# Extended Pola Depot for narrow space



## ferroequinologist (May 8, 2016)

I needed a depot building for my layout and as I had no room for full size 1:20 scale deep building (see my last post of my layout under tracks, trestles & bridges section, titled "Kitchen window to carport" ) I had just a narrow platform with a shelter that I wanted to replace this with something more D&RGW and narrow in width.
So I purchased an old assembled Pola Depot, last made sometime in the nineties I believe and not available any more. It's narrow width suits my location but the very short length that makes it look toy like, rather than a proper D&RGW building, but it was in scale and had the right basic features so I decided to buy it and modify it.
I disassembled the kit with "brute force and ignorance" in to it's separate parts and decided that if I joined the back wall to be part of the front wall it looked much better so I did this and made a longer back wall to replace it out of Acrylic. I won't ever see the back wall so it has no windows or features at all, the only thing you see now is front and the sides.
A completely new acrylic roof with Banta Models shingles, new freight doors for one end and then a full repaint with a few signs, train order signal and outside lights attached as well as some very simple interior detail.
Now I have a depot my next project is to extend the area for the building back deeper into the garden to house this for best visual effect.
The pics show the Pola Depot as it was, then a couple of shots when finished that I think transformed the depot into something more realistic.
Russell


----------



## ddrum31 (Aug 30, 2017)

It looks really good!

Jason


----------



## ferroequinologist (May 8, 2016)

Glad you like it ddrum31, it's not the only Pola Kit I have extended to look better.
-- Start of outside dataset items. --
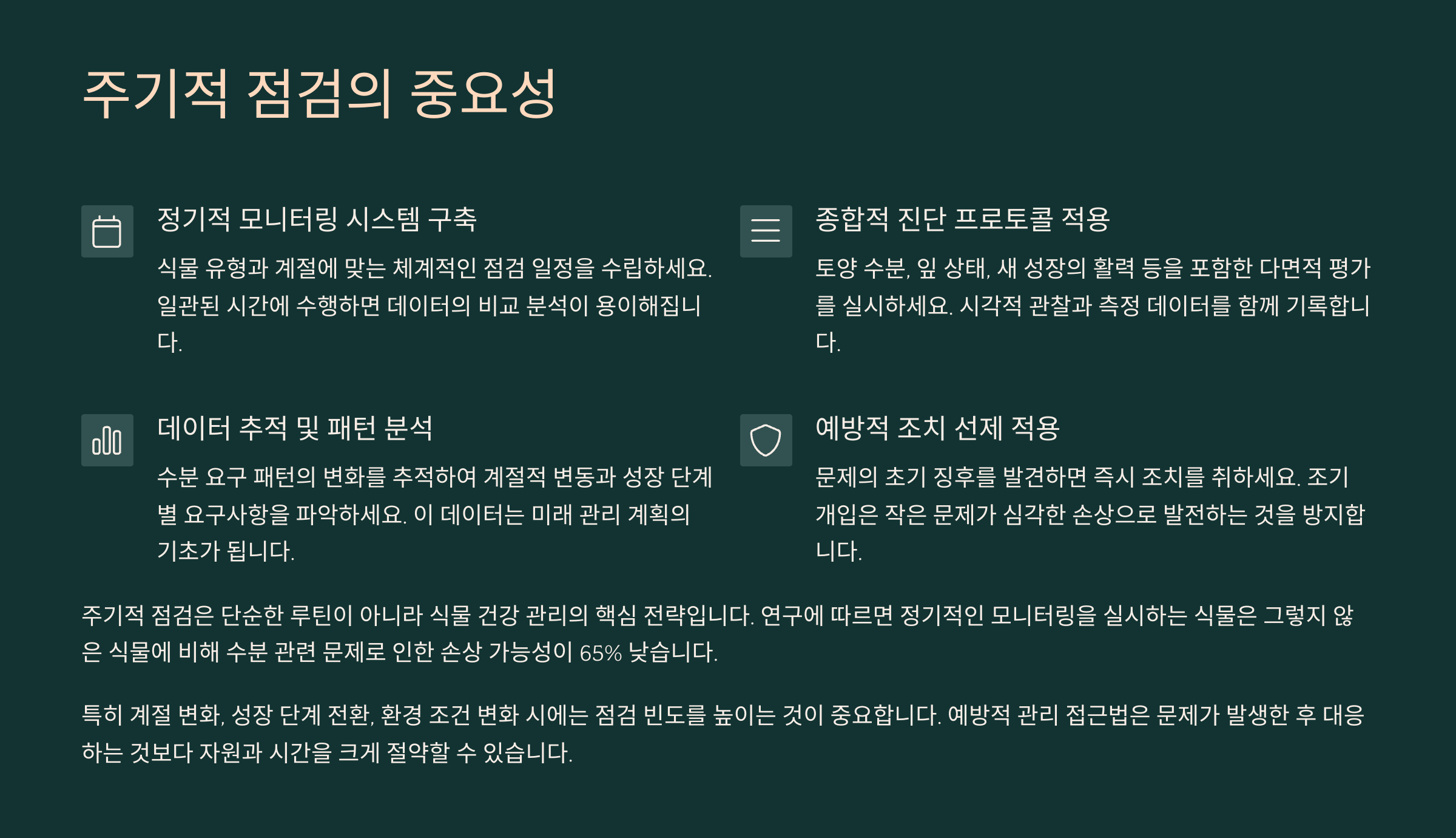 주기적인 점검은 ‘문제 예방’의 시작이에요. 예를 들어, 흙에 곰팡이가 피기 시작했다면 물 주기 조정과 통풍 강화로 해결할 수 있고, 잎이 연해졌다면 급수량 점검으로 쉽게 회복시킬 수 있어요.
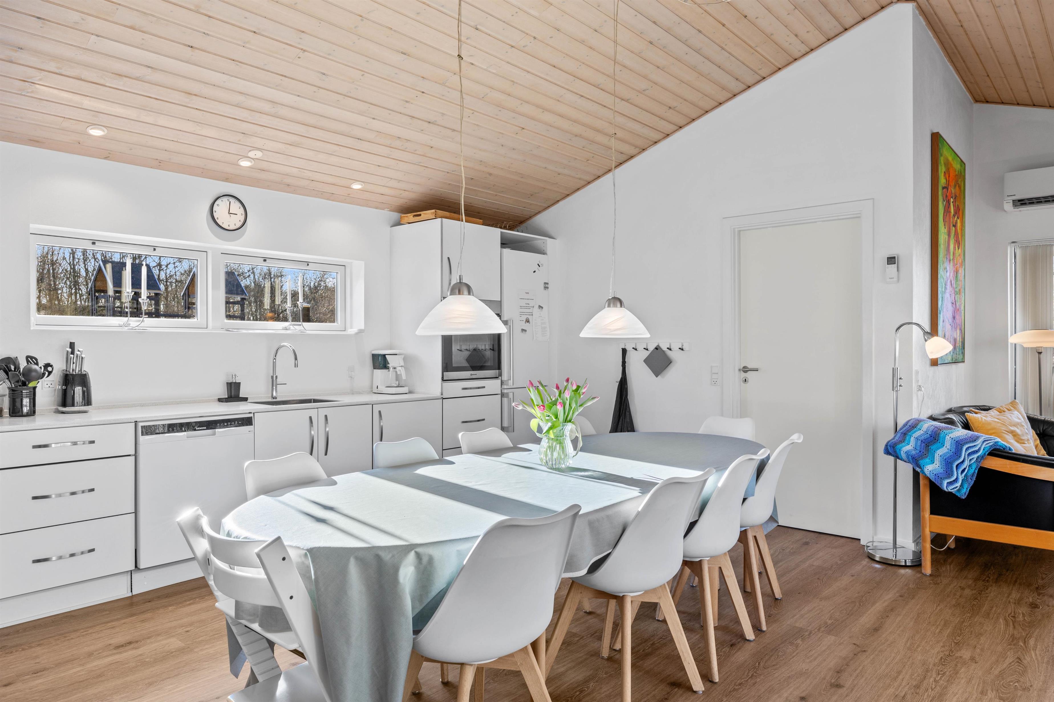 Sommerhuset er renoveret i 2023 og fremstår særdeles lyst og indbydende. I hovedhuset er alrummet, hvor I alle kan samles og skabe gode ferieminder. De store vinduespartier mod nord og vest skaber et fantastisk lysindfald og god atmosfære i rummet. Tænd op i brændeovnen, find drikkevarer og snacks frem og hyg jer med et sjovt kortspil i sofagruppen.
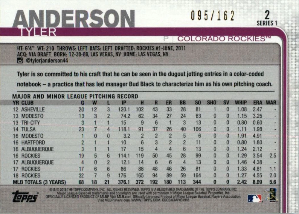 2019 Topps Factory Set Sparkle Foil #2 Tyler Anderson /162 Front Back Sport: Baseball Set: 2019 Topps Factory Set Sparkle Foil Year: 2019 Item#: 2 Player: Tyler Anderson Team: Colorado Rockies BB Attributes: Serial Numbered Brand: Topps Manufacturer: Topps Co. Grading Company: Raw Grade SetType: Parallel Item Condition: Near Mint/Mint 2014 Beckett Collectibles, LLC. All Rights Reserved Powered by: Thank you for choosing Burbank Sportscards, the sports cards superstore. We offer a large selection of singles across all sports. Visit our ebay store to view all our items available. Our Shipping Policy We offer Free Standard Shipping to all Domestic customers. Options for Expedited shipping are also available at checkout. For our international customers, shipping is $9.99 for the first item, and $0.25 for each additional item. Note to all customers: To qualify for combines shipping, we ask our customers to add items into the shopping cart. Please note, we do not combine orders that are placed separately. Our Service: Generally, our turnaround is super quick as we process and send out orders same day payment is received. Stock Availability: We do our best to ensure all items are in stock; however, in case of the rare stock out, the customer will have the option for a replacement card, or we will process a refund so the order is not held up. Our Images: Many of our images are stock photos from Beckett archives. They are a representation of the actual card you would receive. If you have any questions regarding the item you're interested in, please feel free to ask (serial numbers and relic pieces may vary) Moreover, in a case of a wrong or defective photo, please notify us, so we can adjust it. Other FAQ's: -When buying multiple cards, do you top load each item? No; however, we do try to insure all items are shipped securely. If you wish to have all of your cards top loaded it is a paid service and can be arranged. Please email for more details. For other questions, please feel free to ask. Thank you.
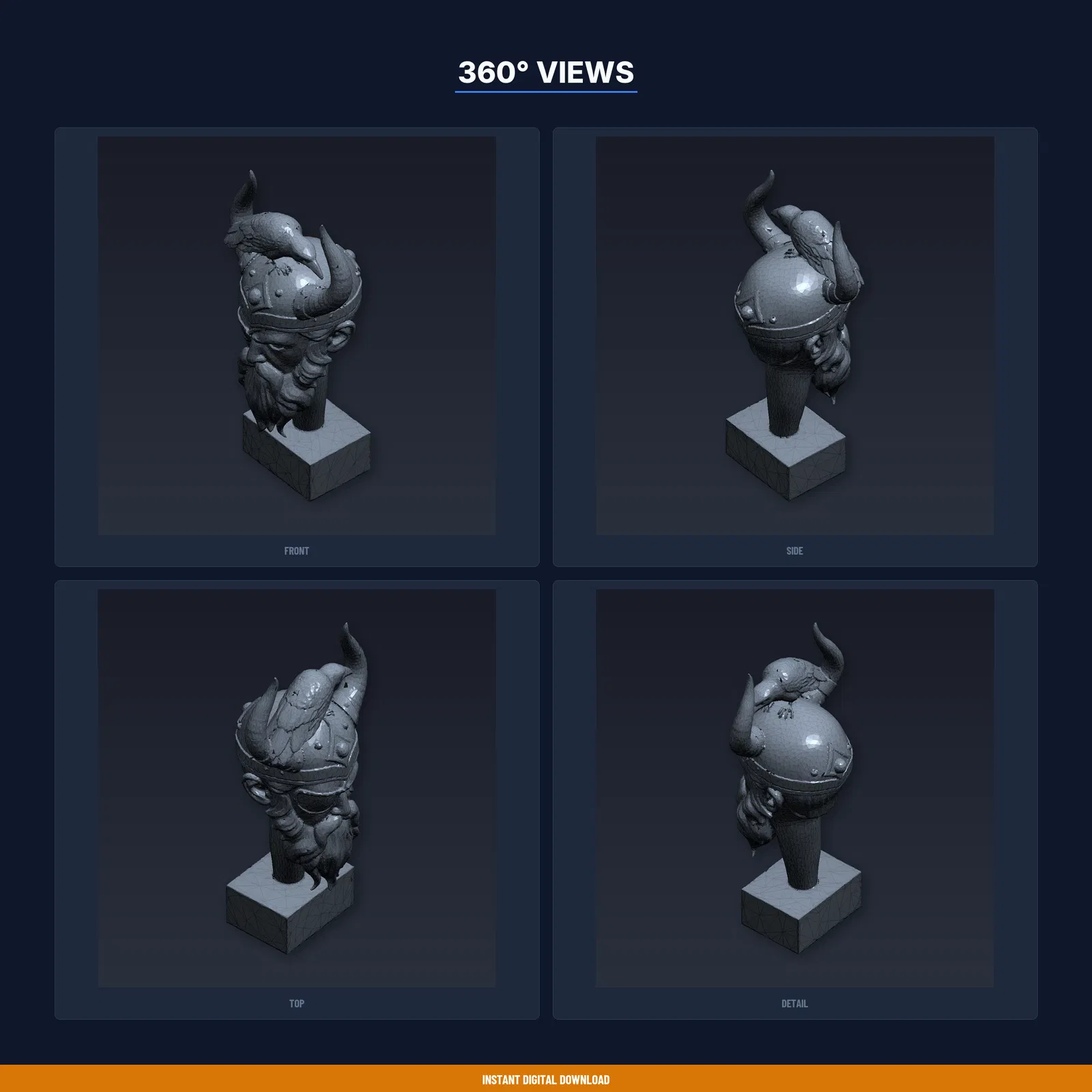 Mẫu tượng bán thân Odin Allfather độc đáo để in 3D. Bao gồm file STL/3MF/OBJ và print guide thông số đã test. Kích thước 49.0×100.0×38.6mm, khuyến nghị PLA; đã thử trên nhiều máy FDM.
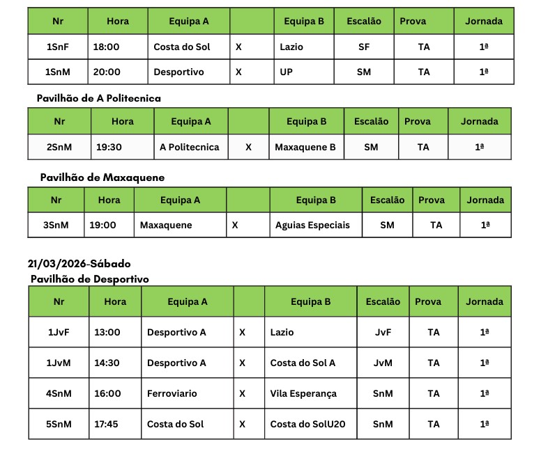 Os jogos serão disputados em juniores e seniores femininos e masculinos como o habitual. Logo na primeira jornada o Costa do Sol vai medir forças com o Lazio em seniores femininos na sexta-feira (19), o Desportivo de Maputo terá pela frente a Universidade Pedagógica em seniores masculinos.
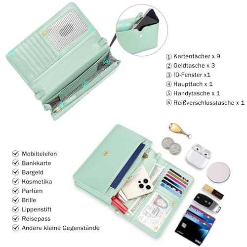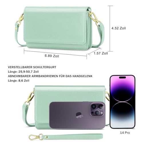 MEHRZWECK: Der Handytasche Zum Umhängen Damen wird mit einem 25,9–50,7 Zoll langen abnehmbaren, verstellbaren langen Riemen und einem 7 Zoll abnehmbaren Handschlaufe geliefert, wodurch er auf 5 Arten getragen werden kann: Umhängetaschen für Damen, Armband-Geldbörse, Clutch-Geldbörse, kleine Schultertasche, kleine Handtasche zum Mitnehmen. in Ihren großen Handtaschen als Geldbörse. Größe: 6,89″ x 1,57″ x 4,52″/ (L x B x H). Leichtgewicht: 0,55 lb/250 g.
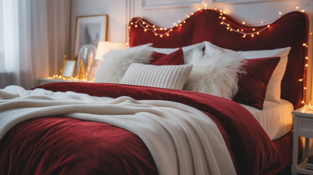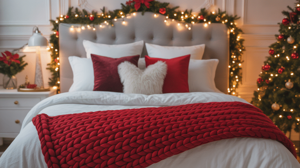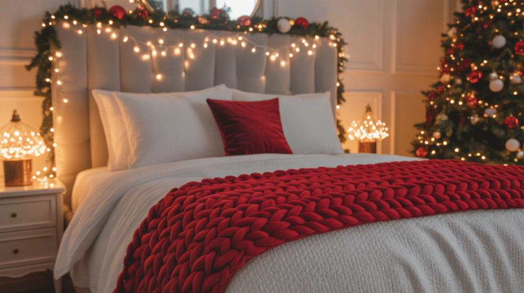Choose textures like chunky knit, velvet, or brushed fleece to enhance the cozy factor. These fabrics not only look luxurious but also photograph beautifully, making your bedroom feel Pinterest-perfect with minimal effort. Pairing the red throw with soft white bedding creates a crisp contrast that elevates the festive aesthetic.
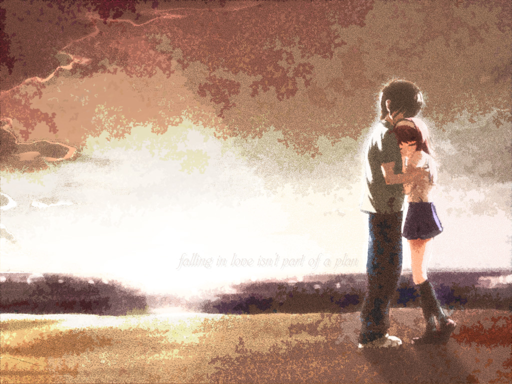 Description: A man and a woman standing next to each other under a tree with a sunset in the background and a sky with clouds.

Here are some pics of my engine shed that started out years ago as a very short single track European Pola Kit ( only three windows long) and I lengthened it and double tracked it by utilizing 3 Pola kits.
The long side is three std Pola wall lengths ( 3 windows per length ) and the short side is two standard Pola lengths. I decided on a staggered entrance look to show off locomotives better and looks more 'interesting' than just an even double entrance.
Now it looks less European with a new corrugated vented iron roof with interior supports and a more realistic repaint. I also moulded the bottom two stone courses and made resin castings to extend the height to accomodate my K36, only just, and other 1:20.3 scale loco's . It now suits both scales I work in namely the 1:20 scale American and 1/32 scale French as well some Australian Narrow gauge that you can see in the "inside the shed" pic.
Sadly Pola kits are no longer available but they are great for "kitbashing" so I hope I inspire some to seek out old kits and give them a new lease of life.
Russell


----------



## placitassteam (Jan 2, 2008)

Excellent work! I really like the look you have achieved.


----------



## denray (Jan 5, 2008)

excellent work, for both of the kitbashed models. Taking what you have and modifying to make it work, just like in the real world. Great job
Dennis


----------



## ddrum31 (Aug 30, 2017)

Definitely like the looks of them.


----------